Lors de l’événement organisé le 5 avril dernier par LepC et intitulé « Regards croisés sur le handicap : entreprises et étudiants », les résultats de l’étude de Natacha SCHOEN, Master 2 psychologie sociale, du travail et des organisations à l’Université de Strasbourg ont été présentés. Cette étude a été menée en 2021 auprès de 199 étudiants en situation de handicap. Ces résultats ont fait l’objet d’une comparaison, côté entreprises, avec les résultats issus du 9ème Bilan diversité dont la restitution a eu lieu le 15 février dernier. Ces deux études ont permis d’apporter des visions différentes de la perception du handicap à la fois côté étudiants et côté entreprises. 

D’après le 9ème Bilan Diversité, le handicap est le premier sujet de sensibilisation avec notamment l’égalité professionnelle entre les femmes et les hommes.

Pourtant, on peut constater que 30 ans après l’obligation légale faite aux entreprises d’avoir 6% de travailleurs handicapés, ces derniers ne représentent que 3,5% des effectifs, tous secteurs confondus. De même, le taux de chômage des personnes en situation de handicap atteint 14%, contre 8,1% pour la moyenne nationale de l’ensemble de la population française.

Si les recruteurs estiment généralement que l’image des personnes en situation de handicap s’est améliorée au cours des 3 dernières années (57 %), ils estiment toujours que leur recrutement est difficile à réaliser.

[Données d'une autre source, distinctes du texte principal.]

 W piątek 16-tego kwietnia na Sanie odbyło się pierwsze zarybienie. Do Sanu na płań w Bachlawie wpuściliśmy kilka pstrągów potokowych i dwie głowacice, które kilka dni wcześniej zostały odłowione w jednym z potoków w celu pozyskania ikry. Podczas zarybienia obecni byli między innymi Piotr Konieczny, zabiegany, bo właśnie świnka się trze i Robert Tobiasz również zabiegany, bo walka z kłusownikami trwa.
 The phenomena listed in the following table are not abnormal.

Malgré le cadre légal, il y a souvent des préjugés mutuels.

Côté étudiants, plus de 67% d’entre eux estiment que leur handicap est une difficulté supplémentaire à leur insertion professionnelle et plus de 65% ont une appréhension à l’évoquer. Parmi les raisons invoquées, sont citées : « Manque de productivité pour un employeur » « Incompréhensions de l’employeur » « Appréhension » « Problème d’accessibilité des structures ».

80% des handicaps sont invisibles et pourtant en entreprise, les dirigeants et recruteurs sont seulement 9% à donner cette réponse. La grande majorité d’entre eux (47%) pensent que le handicap invisible représente 40% des handicaps et plus d’1/4 d’entre eux pensent même que le handicap invisible ne représente que 20% des handicaps.

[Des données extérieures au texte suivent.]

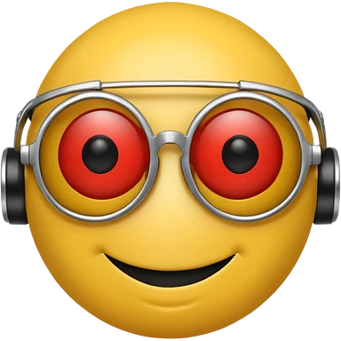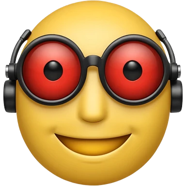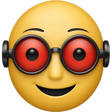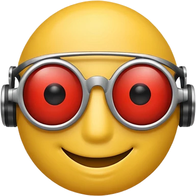 Yellow smiley face head with black sunglasses one of the eyes is a red robot eye emoji

D’après l’étude de Natacha SCHOEN “insertion professionnelle des étudiants en situation de handicap ” concernant les moyens donnés aux étudiants en situation de handicap, 90% d’entre eux  n’ont pas connaissance des ressources mises en place par les universités et plus de 87% n’ont jamais participé à des événements organisés par les référents handicap ou leur partenaire. S’il y a un réel intérêt pour ce que peuvent proposer les missions handicaps, il y a vraisemblablement  un déficit de  connaissance.

Dans leur recherche d’emploi, 81% des jeunes n’ont pas pu identifier un contact privilégié au sein de l’entreprise pour répondre aux questions concernant leur handicap que ce soit un référent handicap, un chargé de mission diversité. Pourtant une fois identifié, ils font presque tous le choix de le contacter. De leur côté quand on interroge les entreprises sur ce sujet, une organisation sur deux considère la mise en place du référent handicap comme efficace.

L’évocation du handicap lors de l’entretien de recrutement est citée à 92% par les recruteurs comme une bonne pratique, et parmi eux, 65% invitent les candidats à le mentionner sur leur CV (6 jeunes en situation de handicap sur 10 affirmaient ne pas l’indiquer). Les employeurs se montrent par ailleurs plus ouverts à l’emploi des personnes handicapées que l’ensemble des Français. 9 recruteurs sur 10 encouragent même les candidats à aborder ce sujet.

Une fois dans l’entreprise, un salarié sur deux n’en parle pas: 53% n’identifient pas les avantages à le déclarer et 35% craignent un changement de comportement de leur hiérarchie.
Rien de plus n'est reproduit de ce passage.